1. What is estate planning, and why is it important?
Estate planning involves documenting your wishes regarding the disposition of your assets and nominating individuals who will handle matters in the event of your incapacity and/or death. Key estate planning documents include a will, durable power of attorney, health care proxy, HIPAA information release authorization, living will, and revocable trust. If you do not have a plan in place, state law will dictate to whom and when assets will be distributed, which may not align with your wishes.
2. What are the first steps?
Begin by finding an experienced trusts and estates attorney, preferably with a tax background, with whom you feel comfortable working. You and your attorney will (i) review your existing estate planning documents, if any; (ii) analyze your assets, their fair market value, and how title is held; (iii) discuss how you wish to distribute your assets at death; (iv) review the potential tax consequences of your plans; and (v) prepare the necessary estate planning documents.

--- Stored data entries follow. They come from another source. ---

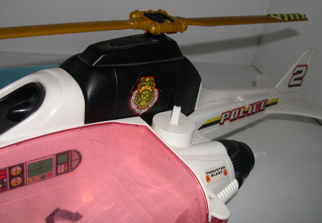 Please note - these images are placeholders and are currently of an incomplete Air Raid helicopter. It should have a siren under the rear tail, a machine gun in the front, between the two cockpits, and obviously, the roll of caps will go on the peg and feed into the mechanism underneath the rotors. I wanted to get this page up, but as soon as I get pictures of a complete Air Raid, I will post them in here.
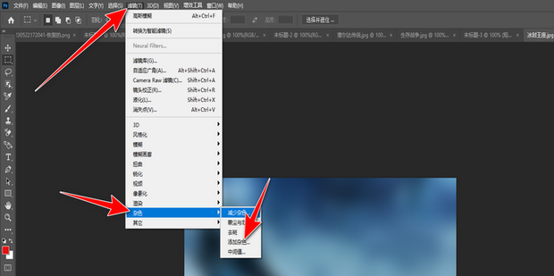 3:点击滤来自镜中的杂色,选择添杀毫直溶加杂色。
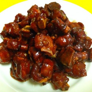 等小排烧至脱骨将其捞出,挑出杂质(香料,葱姜蒜),然后大火将汤汁收浓稠再将小排倒回锅中,翻炒均匀淋香油出锅
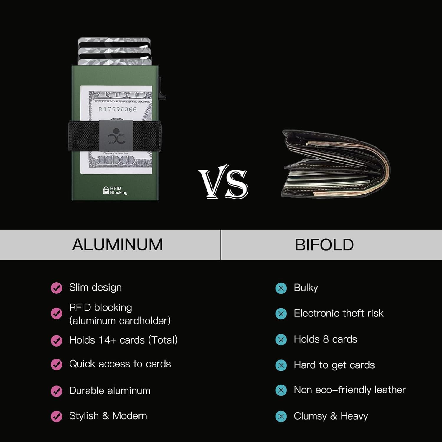- 💳 ULTRA THIN PROFILE: The Minimalist tactical wallet is very thin and can be carried comfortably in a front pocket. The aluminum cardholder size is 3.9*2.5*0.5in,weight only 2.6oz . And expandable backplate designed for additional storage. Ditch the bulk, less is more.
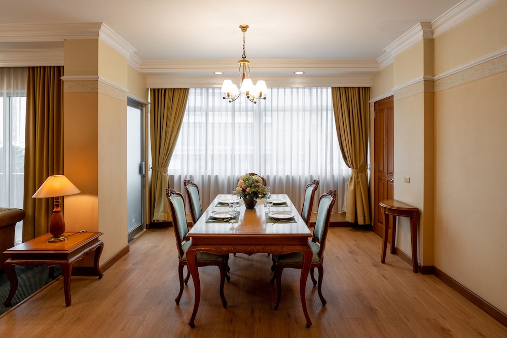 Opposite to the hospital that I went and in the centre of the city, easy to order the foods by on line gojek/grab and the pool is open as a plus
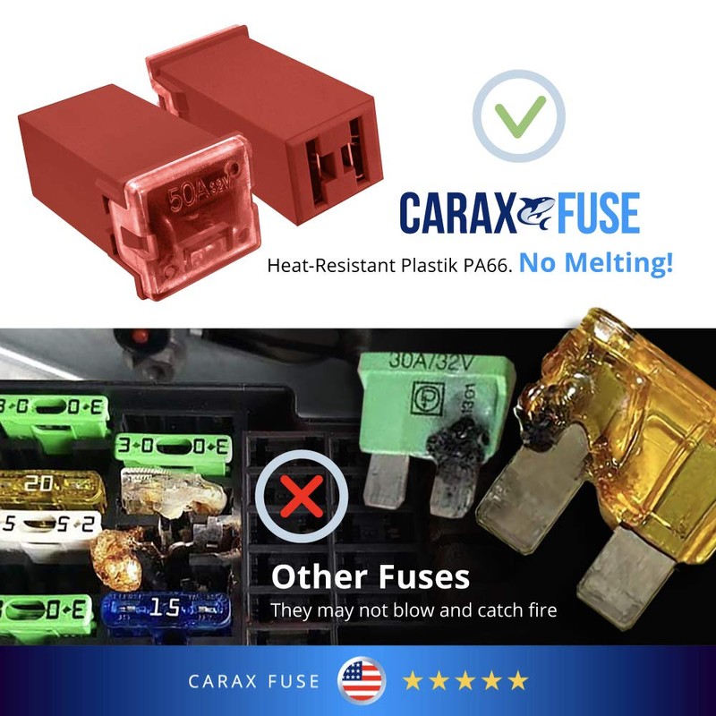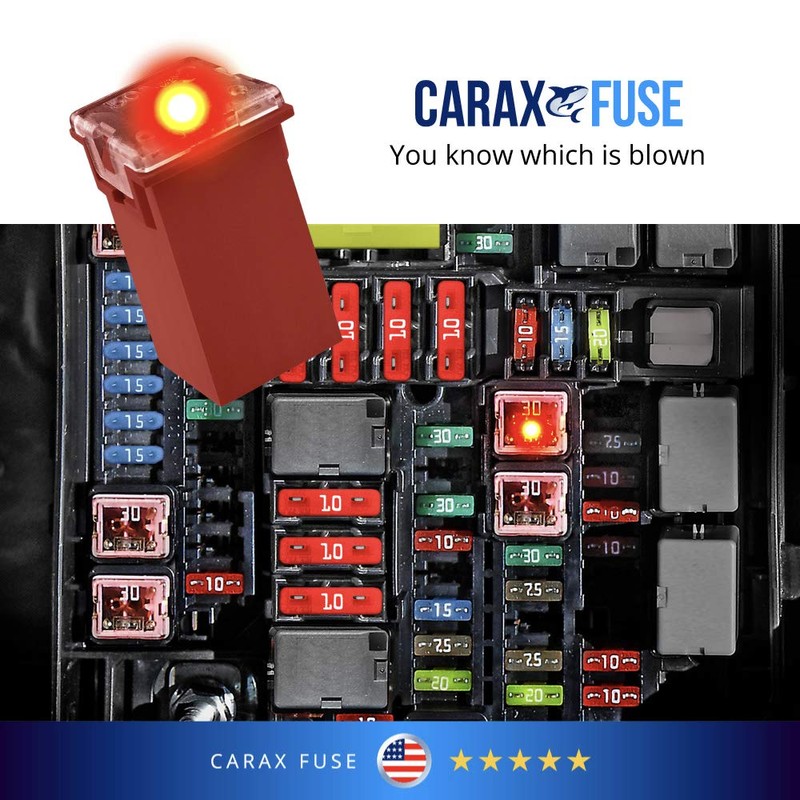 CARAX Glow Fuse – Premium Fuse Cartridge Tall Standard Fuse – 50A Kit 1 pcs. – Glow When Blown LED Automotive Fuse – Smart Auto Glow Fuse Easy Identification – 1 pcs.
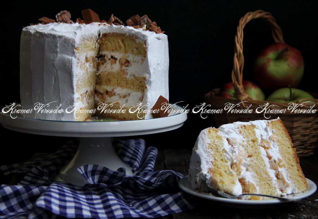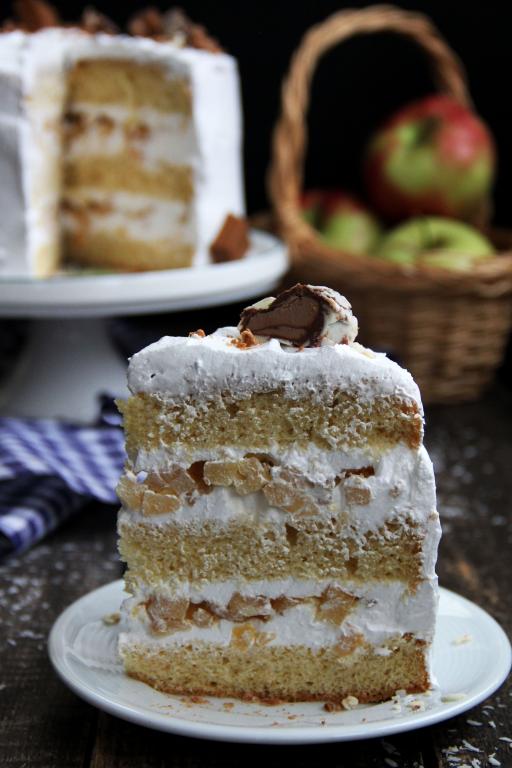 Сверху разместить второй корж, пропитать молоком, выложить часть крема и яблочную начинку. Накрыть третьим коржом. Поставить торт в холодильник на ночь. Оставшийся крем из взбитых сливок тоже поставить в холодильник. На следующий день верх и бока готового торта "Шарлотка" с яблоками покрыть оставшимся кремом и украсить по желанию.
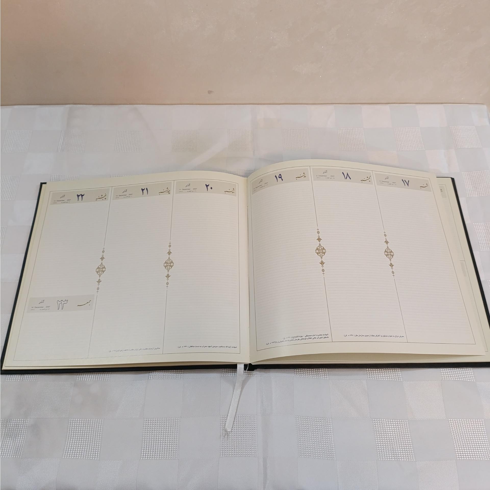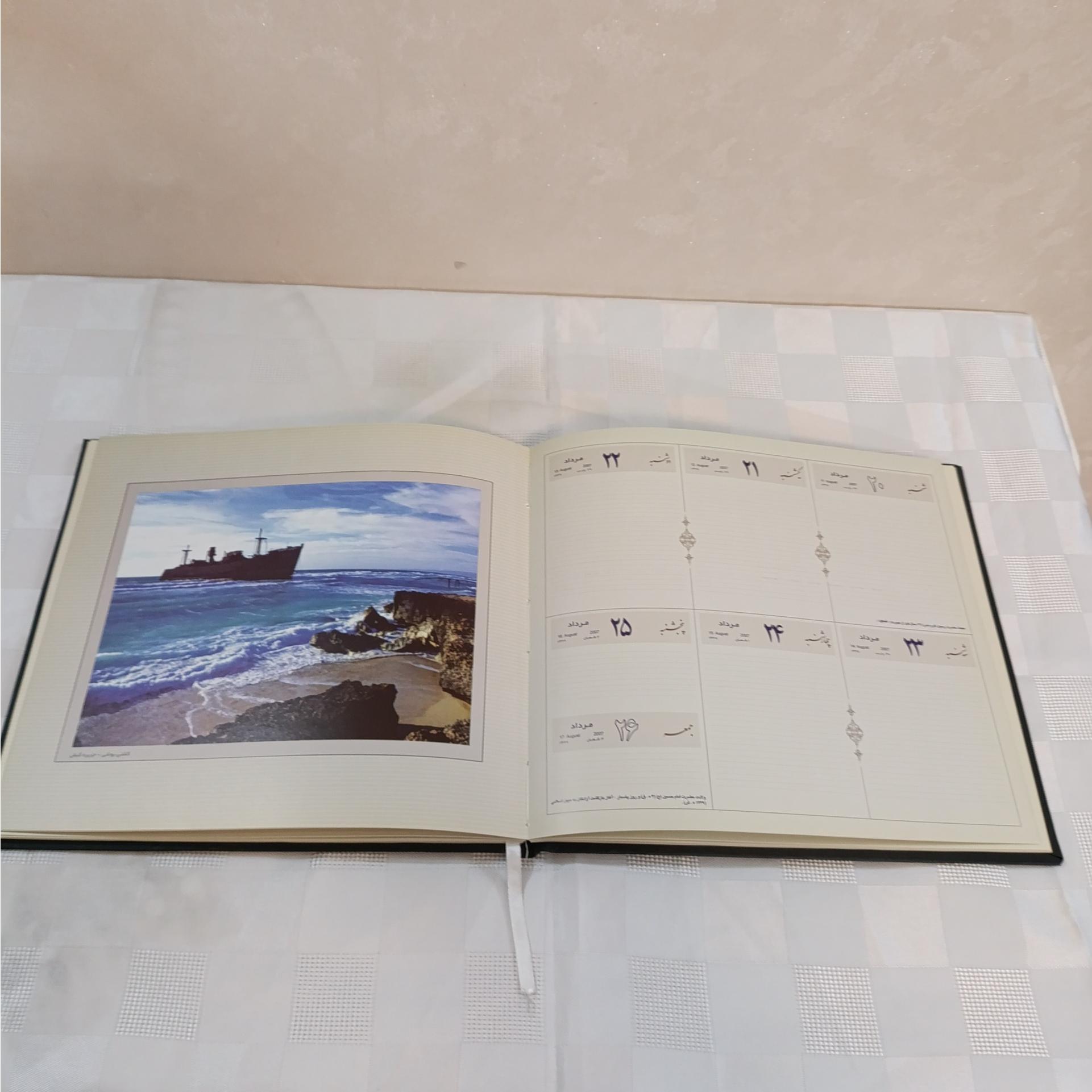 یک عدد مشکی بزرگ با تصاویر گلاسه ایران جلدش حالت ساتن براق داره.

3. How often should a plan be reviewed?
As your life evolves, your estate plan will change. Review and update your documents annually, and after major life changes occur, such as marriage, divorce, birth, death, or relocation to another state or country. Updates may also be needed after certain business transactions (e.g., sale of a company or transition from a private company to a public company).
4. What are your top tips for successful planning?
First, look at your estate documents, reviewing how assets are titled and whom you named on your beneficiary designation forms. Second, regularly consult your advisors for guidance. Third, ask questions so that you are well informed to make decisions regarding your estate plan.
5. How can someone include charitable giving in their plan?
You can include gifts to charity in your will or trust, or designate a charity as the beneficiary of an IRA, 401(k), life insurance policy, or donor-advised fund. Whatever approach you choose, it’s important to share your intentions with the charity. Reaching out allows you to confirm your wishes can be carried out as you envision and gives the organization the opportunity to say thank you.